» WORK INSTRUCTION
Output the records exactly as they appear, with no pictures included.

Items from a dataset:
==========

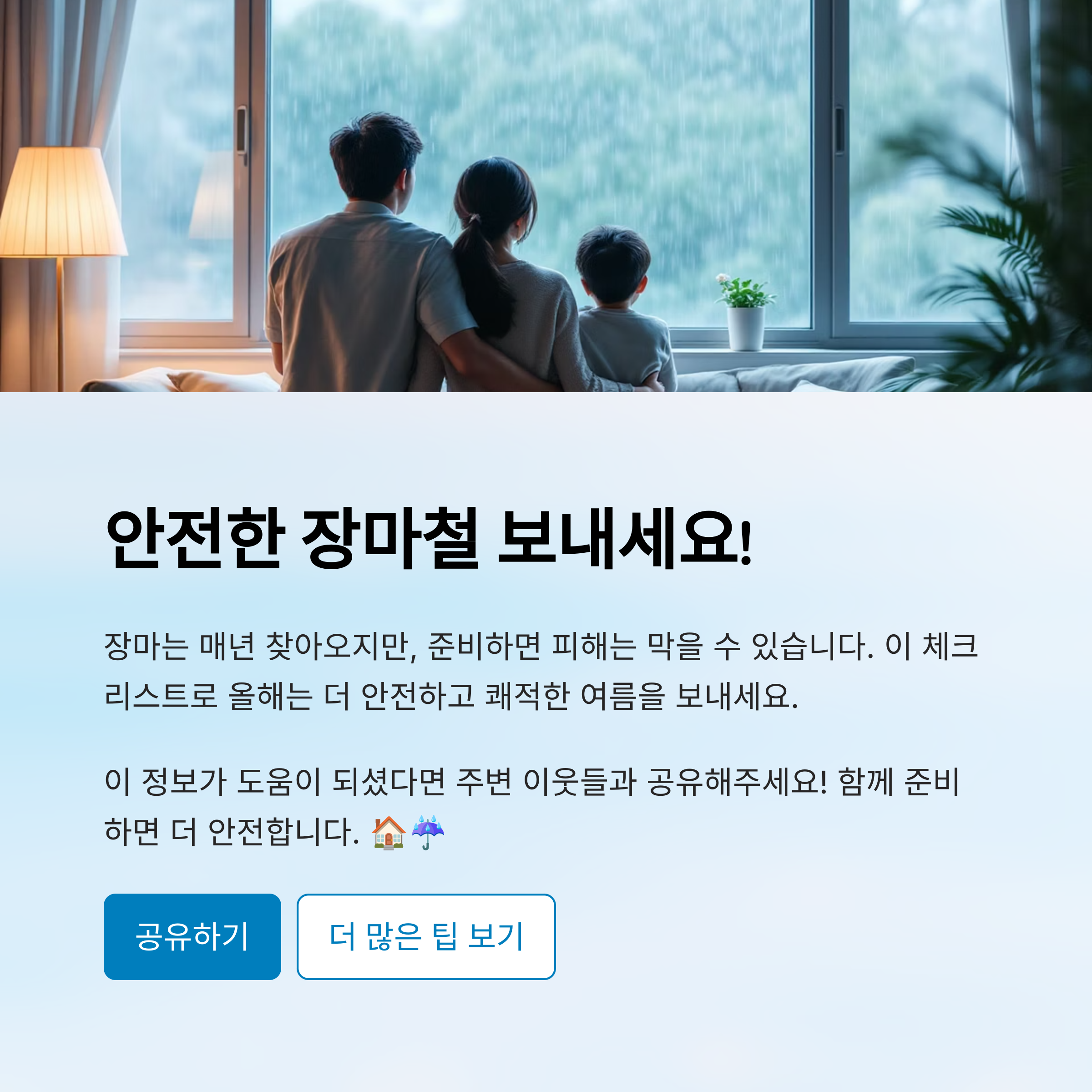 이 체크리스트는 장마뿐 아니라, 여름철 전체에 두고 활용할 수 있는 내용이에요. 가족이나 친구들에게도 공유해서 함께 대비하면 더 좋겠죠? ☔
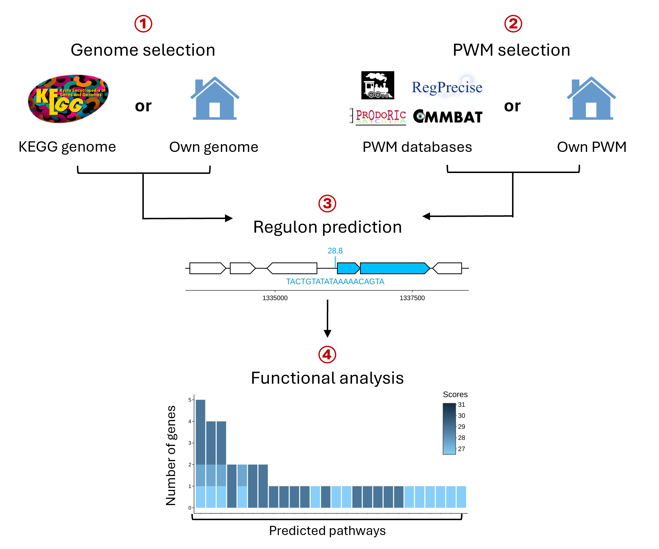 The PREDetector workflow consists of four main steps: (1) Genome selection; users either select a genome from over 9,000 KEGG bacterial genomes or upload their own bacterial genome files. (2) PWM selection; users either select a PWM from one of the four different databases or upload their TFBS sequence in FASTA format to generate their own PWM. (3) Regulon prediction; results are shown in an interactive mapping viewer and table, showing the genomic location of predicted sites relative to genes and the associated predicted co-transcribed genes. (4) Functional analysis; predicted target genes are analyzed for associated metabolic pathways and biological processes with results visualized in an interactive barplot and table.
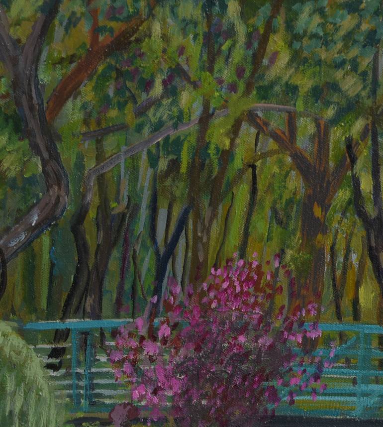 This is painted for the Overland Park Arboretum to raise money in support of the Arboretum. It is a replica of Monet's garden showing the bridge over a lily pond that can't be seen from this angle. It is early in the growing season as not all the flowers have bloomed. It was painted on site and i to...
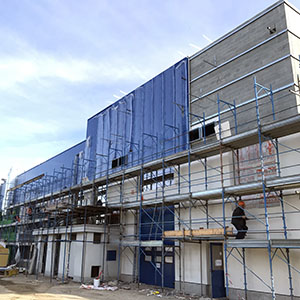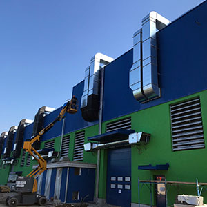 Interessante è vedere la soluzione di abbinamento tra una facciata metallica realizzata con un pannello STAR blu cobalto e la parte bassa realizzata con un cappotto tradizionale intonacato di colore verde. Ma anche al suo interno, l'intervento ha delle soluzioni interessanti, per esempio, il controsoffitto realizzato con pannelli in lana minerale Lithos 5 da 100 mm versione REI, posizionata al di sotto degli “shed” (che per chi non lo sapesse sono le travature dalla forma a sega tipiche degli edifici industriali di epoche passate).
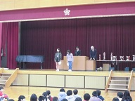 本日の朝会は表彰を行いました。2学期たくさんの児童が絵や感想文、運動関係(スポ少も含めて)、創意工夫展等の素晴らしい成績に対して賞状の授与を行い全校児童に紹介しました。名前を呼ばれると大きな声で返事してその場に立ったり、代表として壇上に上がりました。賞状が渡されると大きな拍手で祝福され、うれしそうな顔が見られました。おめでとうございます。
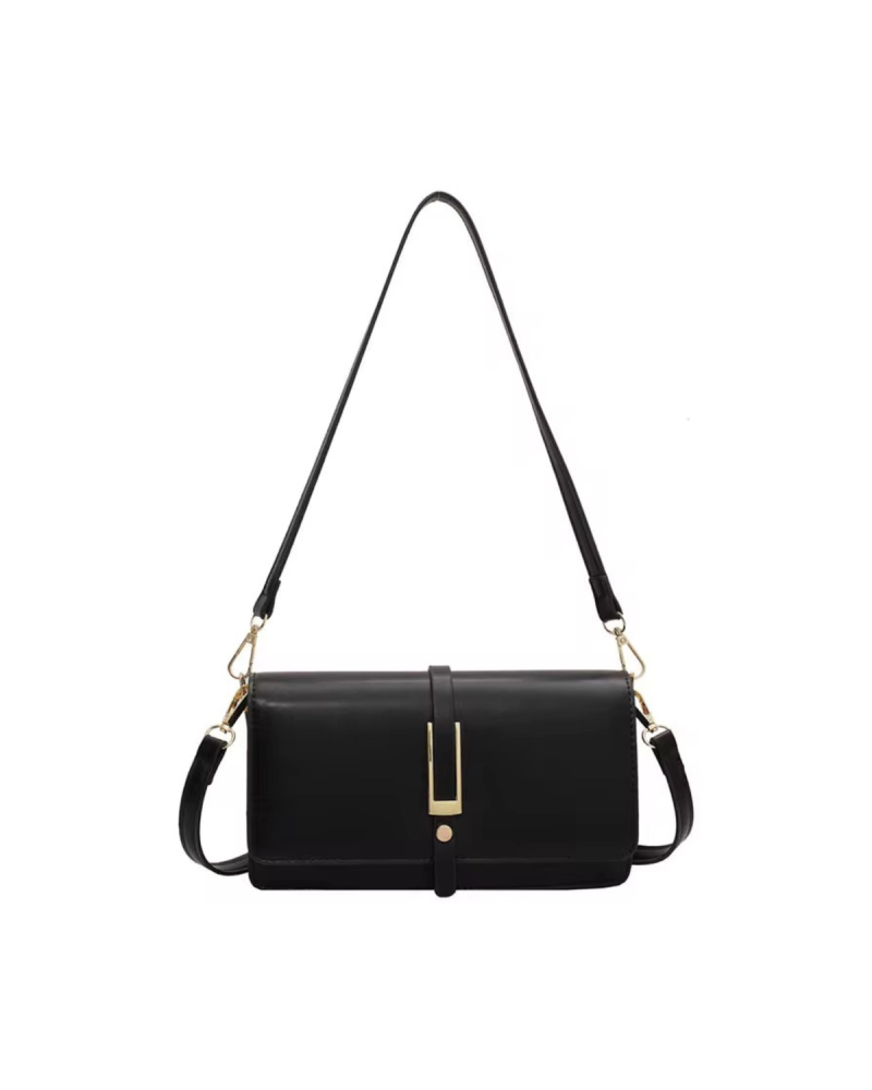 It's a premium smooth leather shoulder bag paired with refined gold-tone hardware for a luxurious finish. The front flap is secured with a modern decorative buckle accent. Adjustable shoulder strap for customizable comfort and dual compartments to keep your essentials neatly organized.

==========

» REPLY
 이 체크리스트는 장마뿐 아니라, 여름철 전체에 두고 활용할 수 있는 내용이에요. 가족이나 친구들에게도 공유해서 함께 대비하면 더 좋겠죠? ☔
 The PREDetector workflow consists of four main steps: (1) Genome selection; users either select a genome from over 9,000 KEGG bacterial genomes or upload their own bacterial genome files. (2) PWM selection; users either select a PWM from one of the four different databases or upload their TFBS sequence in FASTA format to generate their own PWM. (3) Regulon prediction; results are shown in an interactive mapping viewer and table, showing the genomic location of predicted sites relative to genes and the associated predicted co-transcribed genes. (4) Functional analysis; predicted target genes are analyzed for associated metabolic pathways and biological processes with results visualized in an interactive barplot and table.
 This is painted for the Overland Park Arboretum to raise money in support of the Arboretum. It is a replica of Monet's garden showing the bridge over a lily pond that can't be seen from this angle. It is early in the growing season as not all the flowers have bloomed. It was painted on site and i to...
 Interessante è vedere la soluzione di abbinamento tra una facciata metallica realizzata con un pannello STAR blu cobalto e la parte bassa realizzata con un cappotto tradizionale intonacato di colore verde. Ma anche al suo interno, l'intervento ha delle soluzioni interessanti, per esempio, il controsoffitto realizzato con pannelli in lana minerale Lithos 5 da 100 mm versione REI, posizionata al di sotto degli “shed” (che per chi non lo sapesse sono le travature dalla forma a sega tipiche degli edifici industriali di epoche passate).
 本日の朝会は表彰を行いました。2学期たくさんの児童が絵や感想文、運動関係(スポ少も含めて)、創意工夫展等の素晴らしい成績に対して賞状の授与を行い全校児童に紹介しました。名前を呼ばれると大きな声で返事してその場に立ったり、代表として壇上に上がりました。賞状が渡されると大きな拍手で祝福され、うれしそうな顔が見られました。おめでとうございます。
 It's a premium smooth leather shoulder bag paired with refined gold-tone hardware for a luxurious finish. The front flap is secured with a modern decorative buckle accent. Adjustable shoulder strap for customizable comfort and dual compartments to keep your essentials neatly organized.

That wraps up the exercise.